These developer notes assume almost no knowledge. The goal is to learn everything required to write a bare metal operating system for the STM32 by playing and experimentation, diving deeper each iteration and trying to accomplish progressively more difficult tasks.
Ripping, restoring, and decompiling the factory operating system.
In this tutorial we’re going to review the memory layout of the STM32F103.
We’ll use this information and our tools to copy both the factory bootloader
and factory operating system to our development computer. We’ll finish
by opening both the bootloader and operating system in Ghidra, and
writing some early observations about how they work.
Development techniques.
We will cover three techniques to reverse engineer a running chip using GDB.

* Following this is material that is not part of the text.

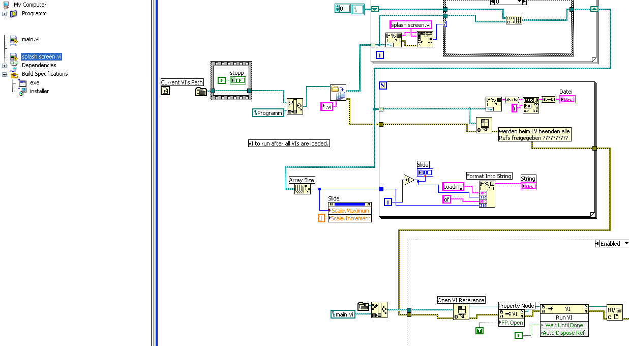 Im Splash Screen sollte die Fortschrittleiste bis auf z.B. 100% laufen, dann sollte das main aber auch wirklich geladen u. gestartet sein. Momentan läuft die Fortschrittleiste super kurz an (also main.vi ist doch recht schnell geladen) und dann stoppt die F.leiste und es dauert bis das main.vi gestartet ist und tatsächlich läuft.
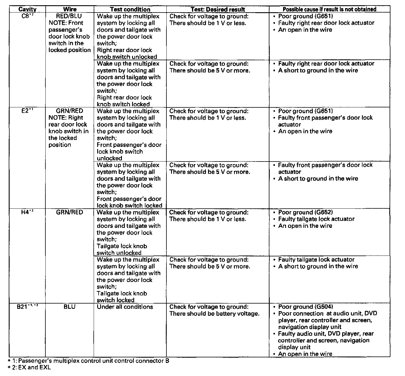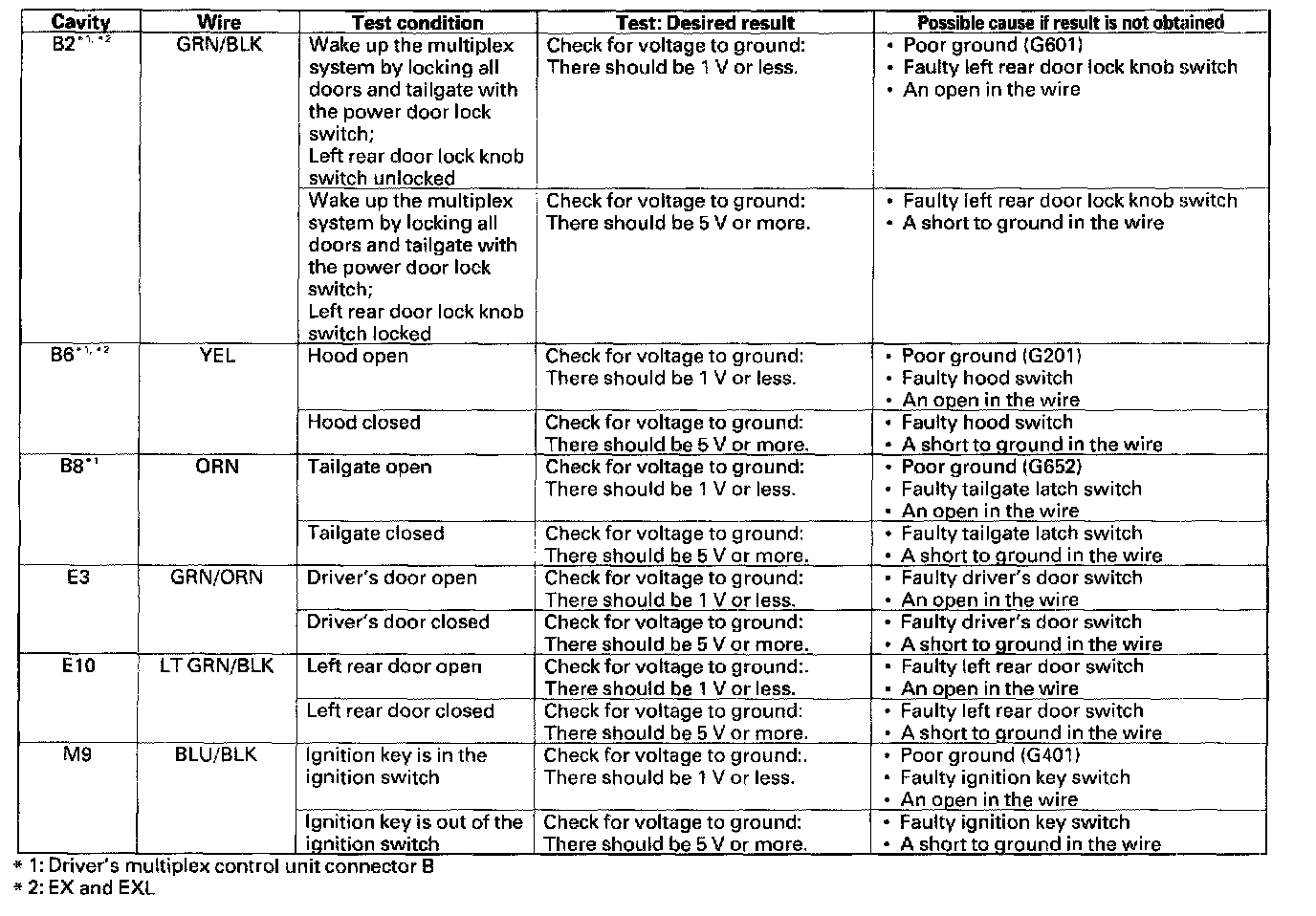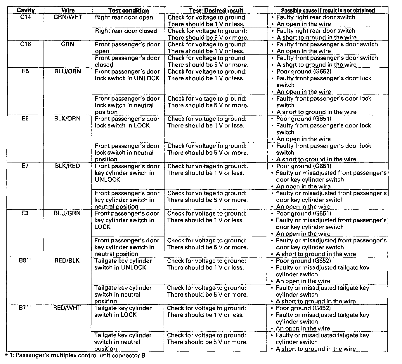 Control Unit Input TestNOTE: These tests cover the door, driver's, and passenger's multiplex control units.

First, we will learn how to examine the state of all the incoming and outgoing wires in the chip (GPIO).
Then, we will practice selectively turning off device peripherals to see what happens.
Finally, we will introduce function prototyping. Using GDB, we can reset the device and establish the minimal routine that is necessary
to accomplish some objective, for example, make a pad change a color, or write a character to the LCD screen.

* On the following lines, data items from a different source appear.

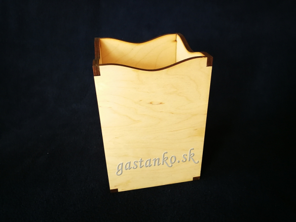 Drevený pevný a stabilný zásobník na varešky, ktorého hľbku sme navrhli optimálne k dľžke varešiek. S elegantne vedenou líniou horných hrán. Rozmery: 12x12x17cm. Hrúbka materiálu :6mm kvalitná preglejka. Tento produkt sme pre vás navrhli my. Skombinujte si ho s naším 4-priečinkovým stojanom v rovnakom štýle :)
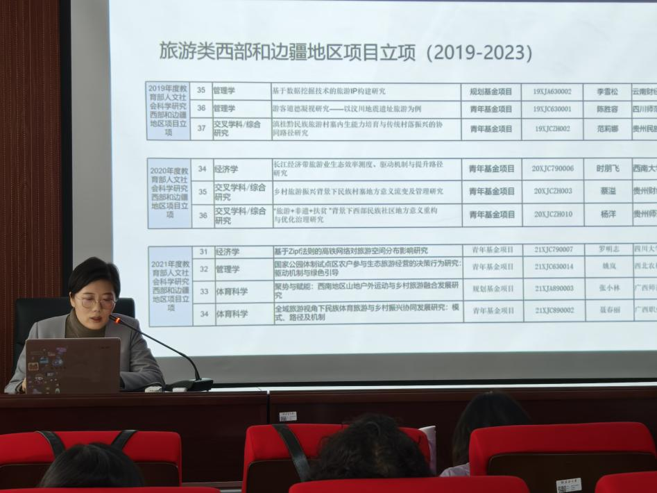 郝小斐副经理在讲座中针对bevictor伟德教师专业背景,指出了教育部人文社科基金申报旅游类选题的突破口、写作要点以及申请学科方向等内容。她首先通过系统梳理2019年至2023年的教育部人文社科基金旅游类项目分别在全国、西部、新疆地区、伟德国际1946的立项情况,提炼出目前bevictor伟德教师申报方向的可能突破口有体育科学(冰雪旅游)、民族学与文化学、交叉学科等;接着,她逐条对有代表性的获批项目题目进行“剖解麻雀”式的分析,总结出题目组成模板,指出其共同特征是有“新词”;然后,她对教育部人文社科基金申报书中的选题、研究意义、研究方法、国内外研究状况与博士论文撰写的不同之处进行了比较,指明其中区别,提炼各版块的撰写技巧。她发现在教育部人文社科基金申报中突出新疆在地性表达具有明显优势。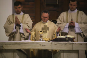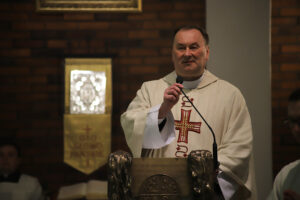 Uroczystej Mszy św. przewodniczył sam Jubilat, który dziękował dobremu Bogu za lata swojej pasterskiej posługi. Homilię wygłosił ks. Andrzej Orczykowski SChr, który ukazał podobieństwo kapłańskiej posługi ks. Rektora, do misji, jego patrona – św. Jana Chrzciciela. Kaznodzieja starał się ukazać Boże działanie w posłudze kapłańskiej naszego przełożonego.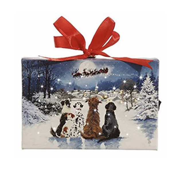 - Everybody loves dogs, and these are adorable! With twinkling lights throughout and steady lights in the village making this a delightful and whimsical feel of the holiday season. Silky red ribbon is included to be used as a hanging ornament or wall decor, but it mayalso be placed on a desktop using the built-in easel stand.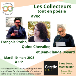 Parmi les Collecteurs, des poètes... François Szabó pour « Idylles de Montpellier », Quine Chevalier pour « Tendresse des parois », et Jean-Claude Boyard pour « Carré d’Arbre »… entre autres. Place à leurs mots !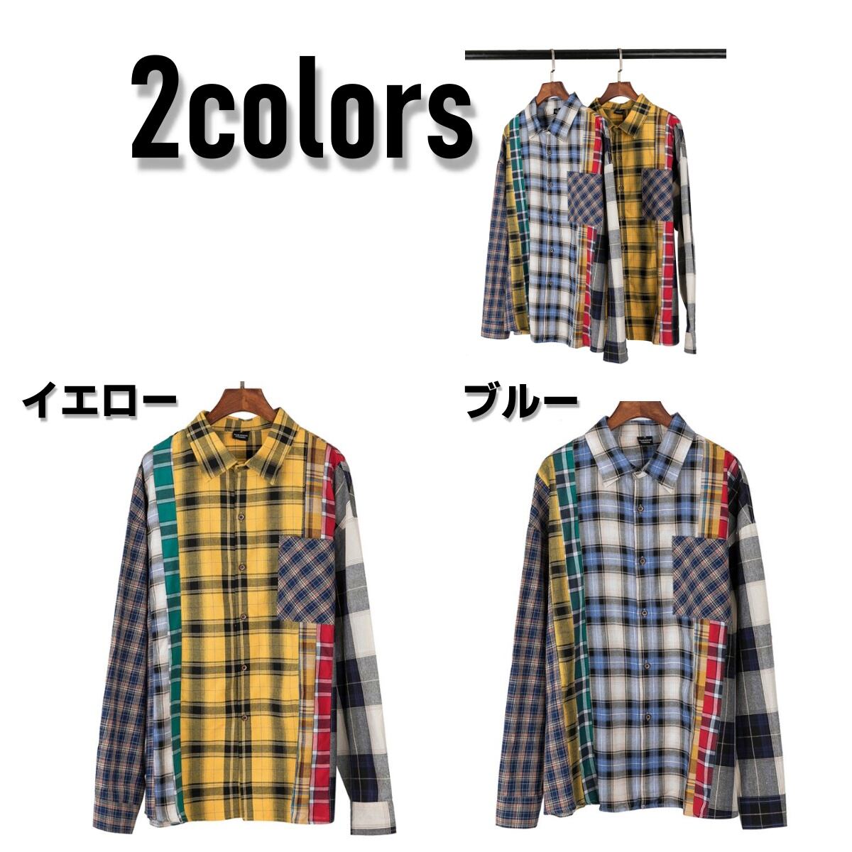 クレイジーパターンシャツ メンズ ストリートファッション チェックシャツ パッチワーク カジュアル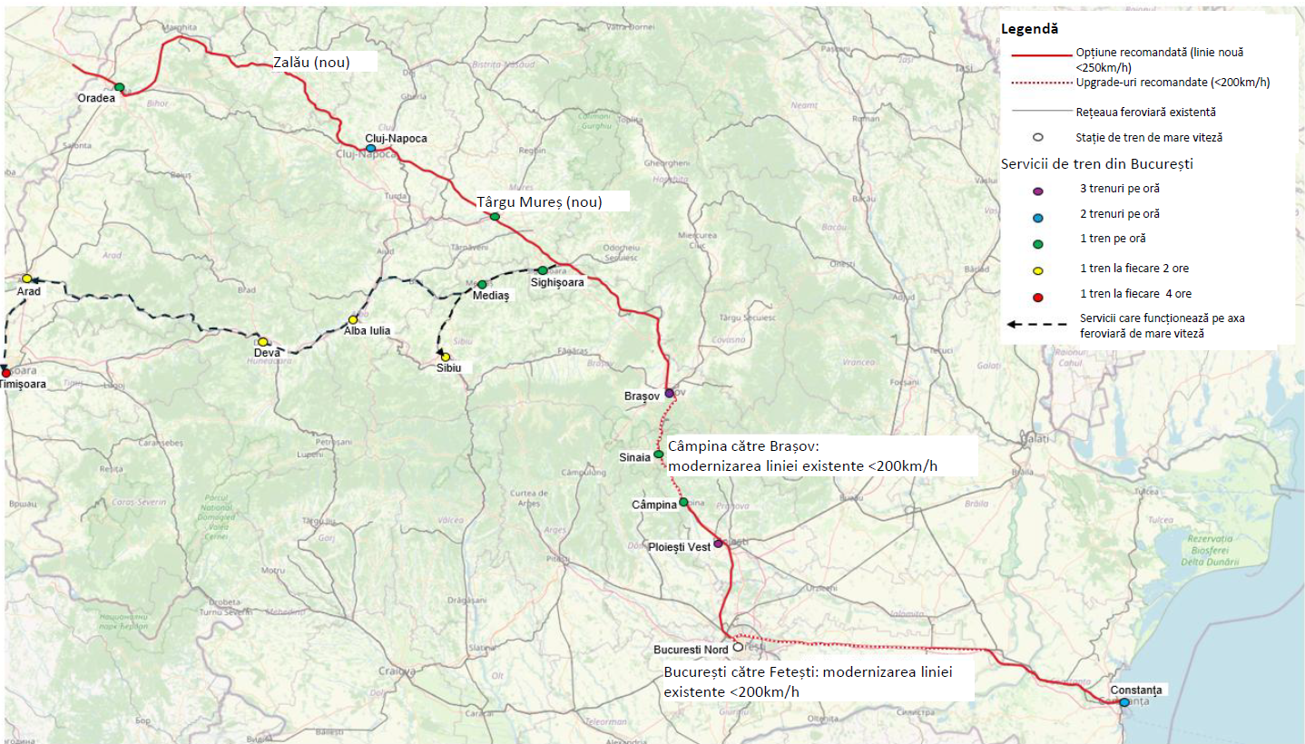 Proiectul ar costa 15 miliarde euro (75 miliarde RON) și presupune atât modernizarea unor linii existente, cât și construirea unor linii noi, duble. Planul a fost comandat unei companii canadiene, Atkins Reali, iar studiul de oportunitate urmărește condițiile necesare pentru un sistem de mare viteză integrat în rețeaua europeană TEN-T, cu evaluare economică, financiară și operațională.

As the STM32F103 has a memory mapped peripheral, most operating system stuff boils down to reading from an address, writing to that address,
and looping. We can prototype in GDB first, and then translate the minimal routine almost line for line to C and build on it.
Learn About the Display
The LCD Display on the MPK249 is a Winstar model number
WH2004a.
Write a USB driver the hard way
USB is a really fast protocol. Unlike driving the LCD, USB messages transact too fast for us to be able to send or receive
specific messages in real time using GDB and stepping through the results. In this tutorial, we’re going to
write a USB driver the slow way. We’re going to learn about every single register that makes USB work, as well
as deep-dive into the protocol itself. We’ll master one transaction at a time, from device enumeration to sending midi back and forth
to the computer.
A note: this technique is excellent for learning, but creates barely-legible spaghetti code if you take it too seriously.
A USB driver is one of the areas where abstraction is really important. Once you learn the basics, you should do
your best to abstract away from them in your code so a reader can understand what is going on.

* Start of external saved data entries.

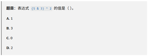 再计算异或运算:1 ^ 2。1 的二进制是 001,2 的二进制是 010。001 ^ 010 = 011(即十进制 3)。答案:B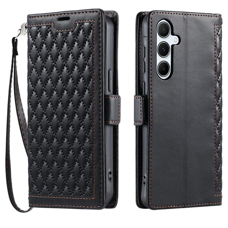 Samsung Galaxy A55 5G Plånboksfodral Konstläder Rhombus Textur - Svart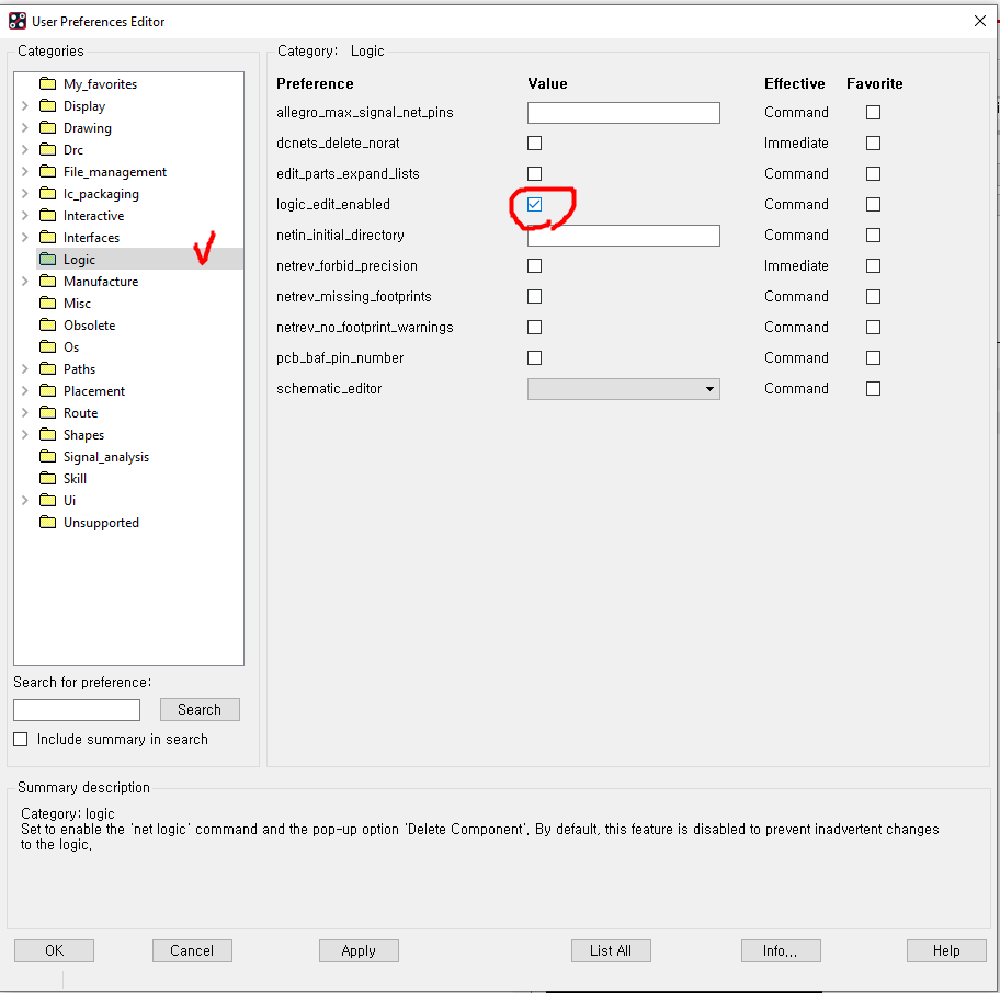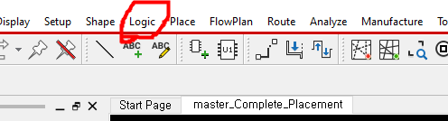 Allegro 라이센스를 활성화시키면 상단에 'Logic' 메뉴가 생긴다.

Sending notes to the computer
In this Tutorial, we’re going to understand how to send key press events to the connected computer.
Detect Pad, Fader and Knob Movements via the Analog to Digital Converter (ADC) and DMA
We’re going to dive in to both the DMA and the ADC in this tutorial.
Colors!
In this tutorial we’re going to figure out how to light up the pads and buttons, as well as read their current values, via the SPI.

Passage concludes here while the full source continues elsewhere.